Running CrateDB on Amazon EC2¶
Table of contents
Introduction¶
When running CrateDB in a cloud environment such as Amazon EC2 (Elastic Compute Cloud) you usually face the problem that CrateDB’s default discovery mechanism does not work out of the box.
Luckily, CrateDB has several built-in mechanisms for unicast host discovery, also one for EC2. EC2 discovery uses the EC2 API to look up other EC2 hosts that are then used as unicast hosts for node discovery (see Unicast Host Discovery).
Note
Note that this best practice only describes how to use the EC2 discovery and its settings, and not how to set up a cluster on EC2 securely.
Basic Configuration¶
The most important step for EC2 discovery is that you have to launch your EC2
instances within the same security group. The rules of that security group must
at least allow traffic on CrateDB’s transport port (default 4300
). This
will allow CrateDB to accept and respond to pings from other CrateDB instances
with the same cluster name and form a cluster.

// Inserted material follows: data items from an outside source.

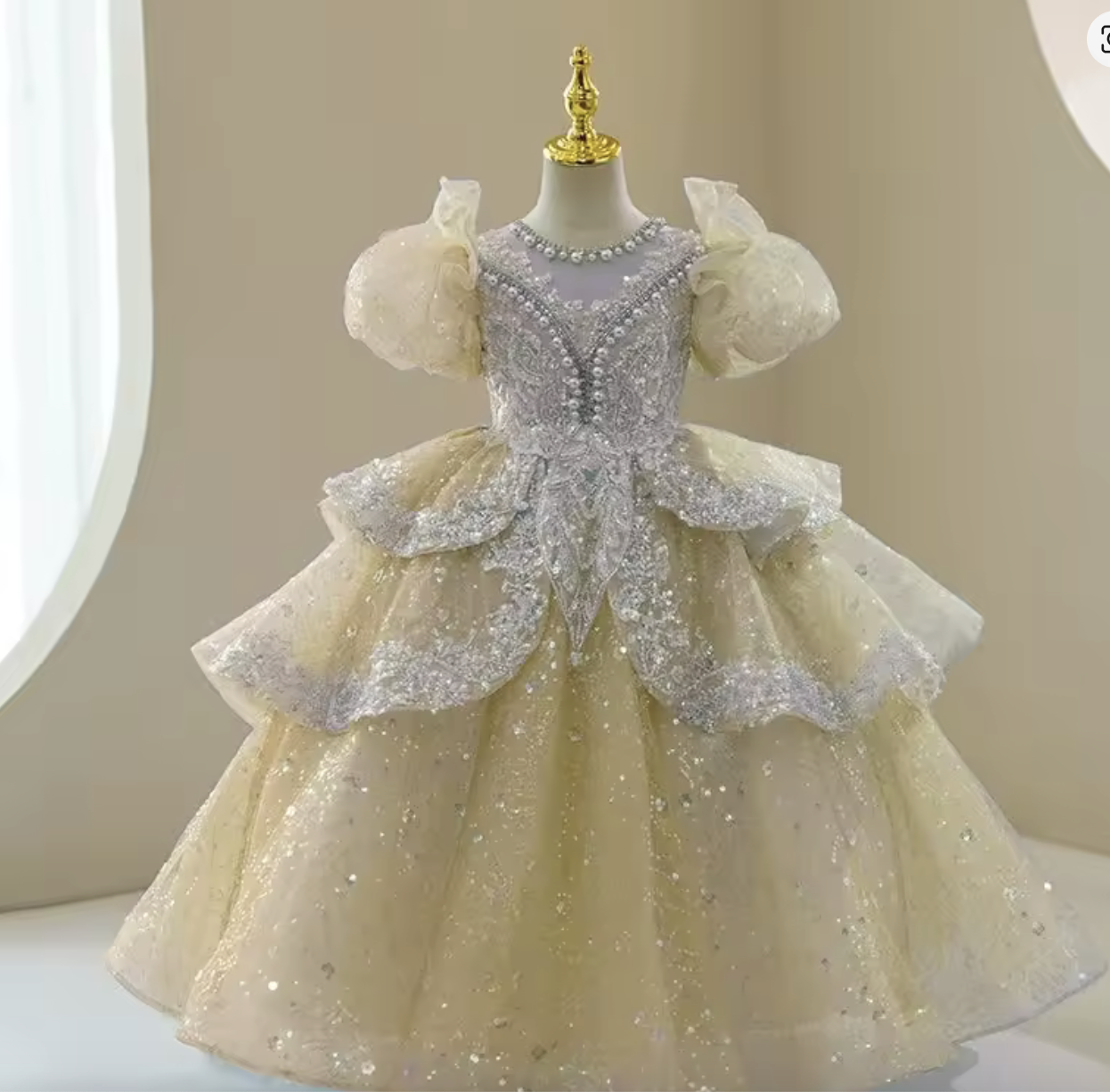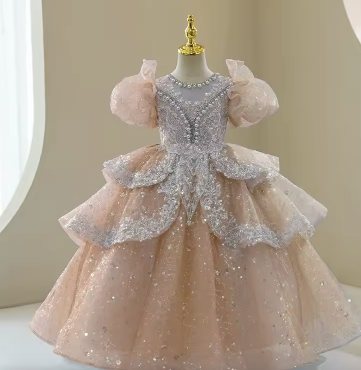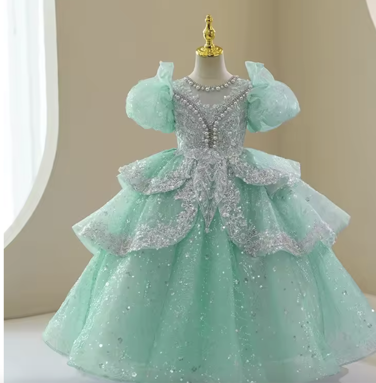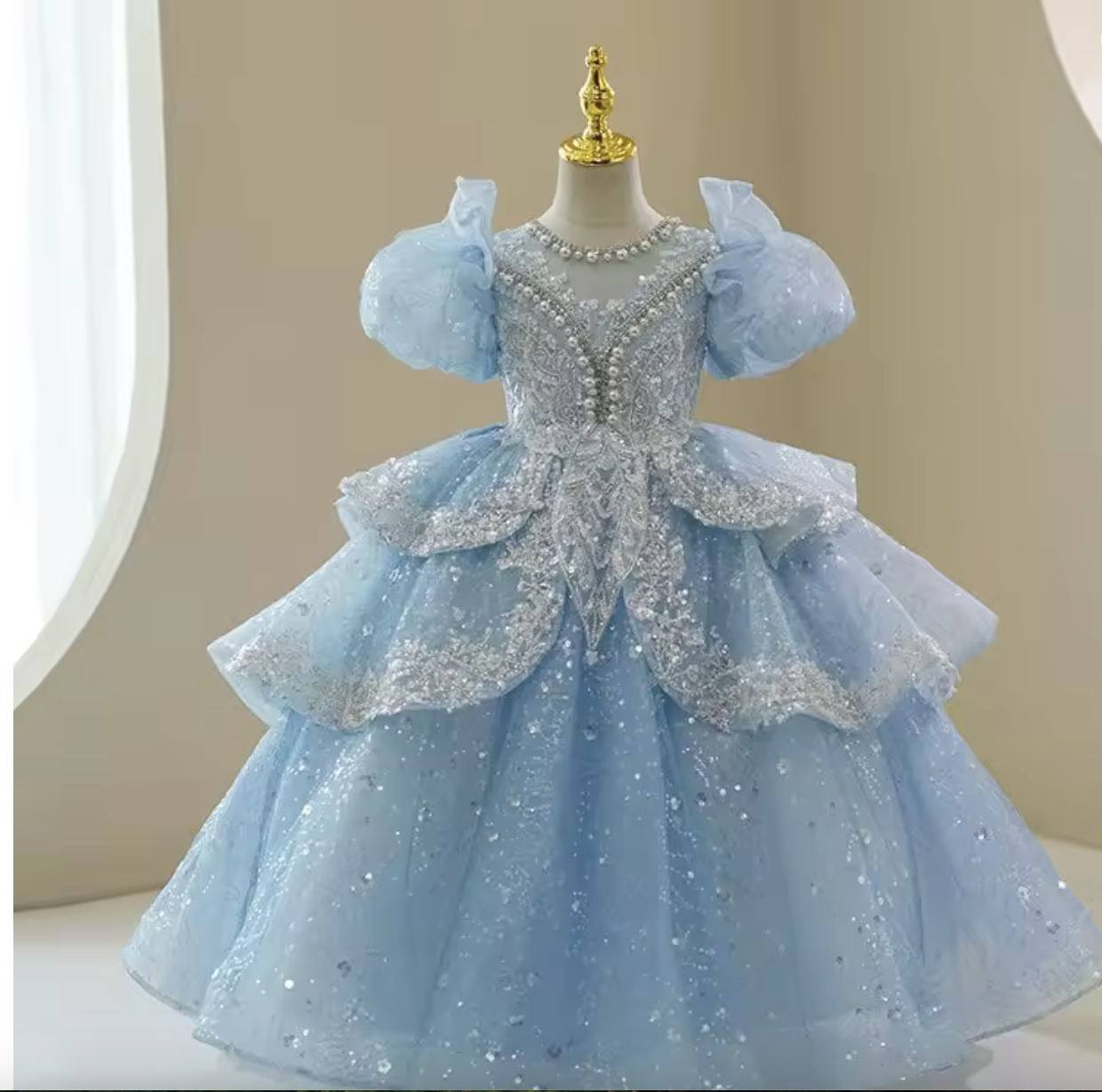 Make every day magical with this shimmering blue princess dress featuring layered ruffles, sparkling sequins, and elegant puff sleeves. Crafted from high quality materials for comfort and style. Perfect for birthdays, celebrations, or fashion show.
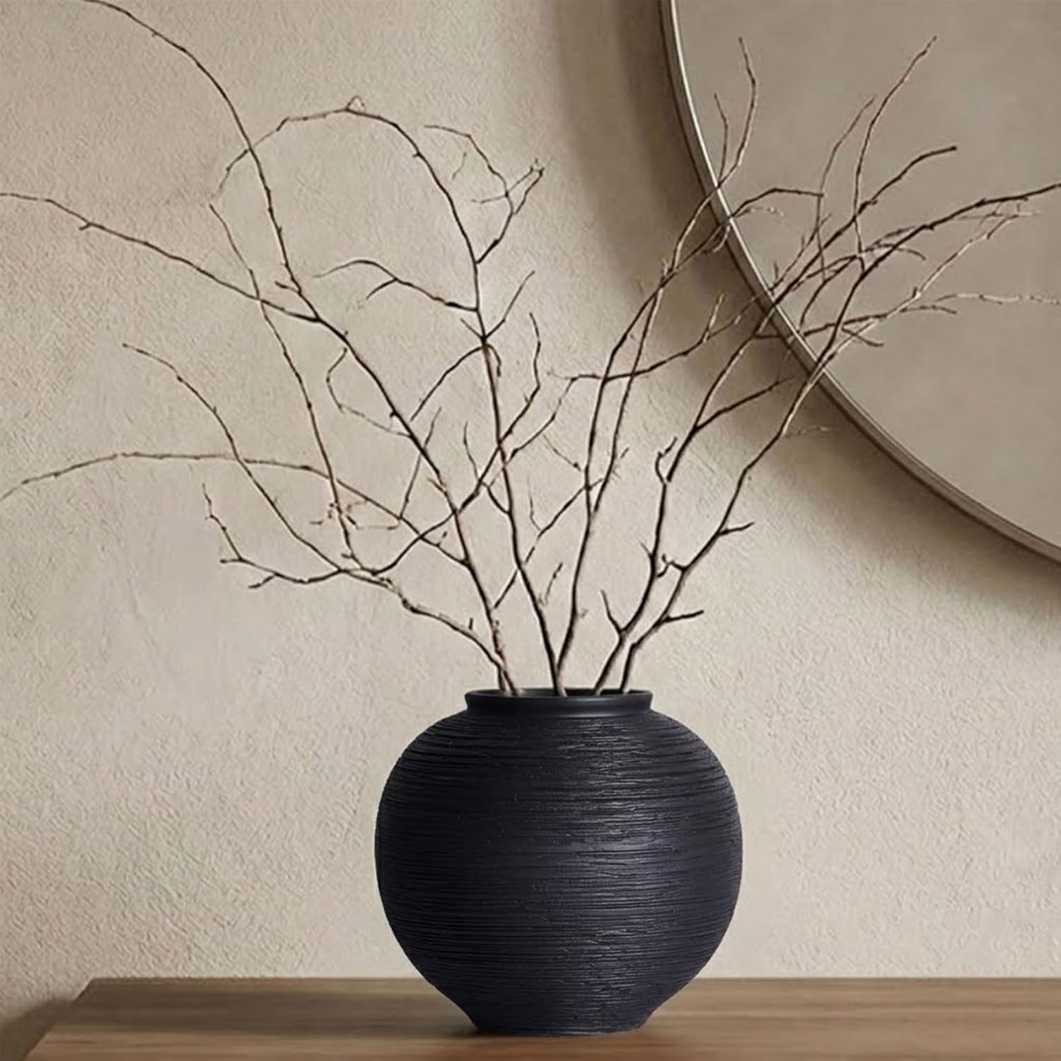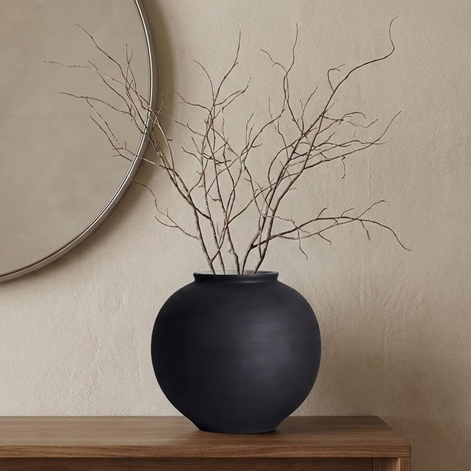 Indoor or outdoor-ready: place it on a covered porch, patio table, or balcony to add a modern accent, and bring it indoors during extreme weather to help preserve the finish. For best results, treat it like quality black pottery and keep it clean and dry after outdoor useBring depth and calm to your home with this statement piece that feels like sculptural pottery decor. The softly rounded silhouette and subtle horizontal texture create an elevated look - perfect if you love collecting black vases that add contrast without feeling heavySized for everyday styling: 9 in tall, 8.7 in wide, with a 4 in mouth that holds stems securely. Use it as a large vase for long eucalyptus, pampas grass, dried branches, or fuller bouquets - ideal when you want round vases for centerpieces that don’t block conversation at the tableDesigned to be practical, not precious: high-temperature fired for everyday durability, the waterproof interior holds water for fresh arrangements, and the included anti-scratch pad helps protect wood, stone, and glass surfaces. Cleaning is simple - wipe with a damp cloth and dryStyle it your way: as a black pottery vase on an entryway table, a black flower vase on a nightstand, or sleek black vase decor on a mantel. The matte finish pairs beautifully with neutral florals and greenery and works as black vases for flowers in modern, farmhouse, rustic, or minimalist spaces - especially for fans of black minimalist vases
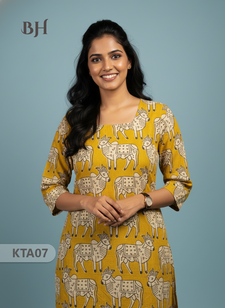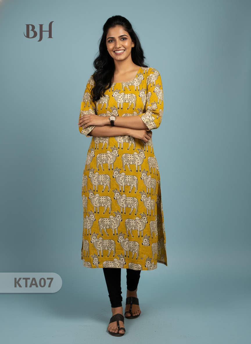 Kalamkari Straight Cut Top Yellow Color with Full Length Lining | Ethnic Cotton Wear
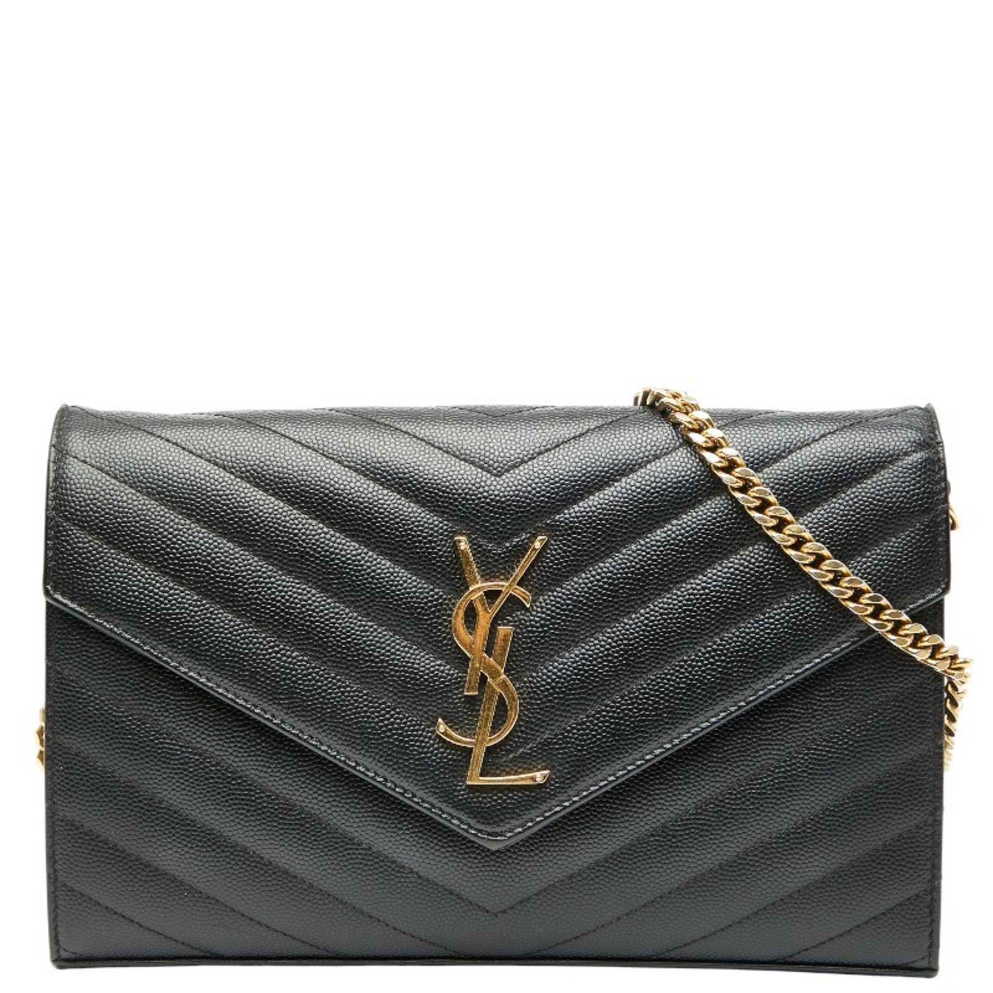 Saint Laurent Cassandra Ysl Logo Chain Wallet In Black Leather

Once you have your instances running and CrateDB installed, you can enable EC2 discovery:
CrateDB Version |
Reference |
Example |
---|---|---|
>=4.x |
discovery.seed_providers: ec2
|
|
<=3.x |
discovery.zen.hosts_provider: ec2
|
To be able to use the EC2 API, CrateDB must sign the requests by using AWS credentials consisting of an access key and a secret key. Therefore AWS provides IAM roles to avoid any distribution of your AWS credentials to the instances.
CrateDB binds to the loopback interface by default. To get EC2 discovery working, you need to update the host setting, in order to bind to and publish the site-local address:
network.host: _site_
Authentication¶
For that, it is recommended to create a separate user that has only the necessary permissions to describe instances. First, you need to create an IAM role in order to assign the instances later on. This AWS guide gives you a short description of how you can create a policy via the CLI or AWS management console. An example policy file is attached below and should at least contain these API permissions/actions:
{
"Statement": [
{
"Action": [
"ec2:DescribeInstances"
],
"Effect": "Allow",
"Resource": [
"*"
]
}
],
"Version": "2012-10-17"
}
This policy allows the instances to find each other if they have been assigned to this role on startup.
Note
The same environment variables are used when performing COPY FROM
and
COPY TO
. This means that if you want to use these statements you’ll have
to extend the permissions of that EC2 user.
You could also provide them as system properties or as settings in the
crate.yml
, but the advantage of env variables is that also
COPY FROM/TO
statements use the same environment variables.
Note
Note that the env variables need to be provided for the user that runs the
CrateDB process, which is usually the user crate
in production.
Now you are ready to start your CrateDB instances and they will discover each other automatically. Use the AWS CLI or the AWS Console to run instances and assign them with an IAM role. Note that all CrateDB instances of the same region will join the cluster as long as their cluster name is equal and they are able to communicate to each other over the transport port.
Production Setup¶
For a production setup, the best way to filter instances for discovery is via
a security group. This requires that you create a separate security group for
each cluster and allow TCP traffic on transport port 4300
(or other, if set
to a different port) only from within the group.
Since the instances that belong to the same CrateDB cluster have the same security group then, you can easily filter instances by that group.
For example, when you launch your instances with the security group
sg-crate-demo
, your CrateDB setting would be:
discovery.ec2.groups: sg-crate-demo
The combination with the unique cluster name makes the production setup very simple yet secure.
See also discovery.ec2.groups.
Optional Filters¶
Sometimes, however, you will want to have a more flexible setup. In this case, there are a few other configuration settings that can be adjusted.
Filter by Availability Zones¶
A third possible way to filter instances is via availability zones. Let’s say
you have several clusters for the same tenant in different availability zones
(e.g. us-west-1
and us-west-2
), you can launch the instance with the
same security group (e.g. sg-crate-demo
) and filter the instances used for
discovery by availability zone:
discovery.ec2:
groups: sg-crate-demo
availability_zones: us-west-1
See also discovery.ec2.availability_zones.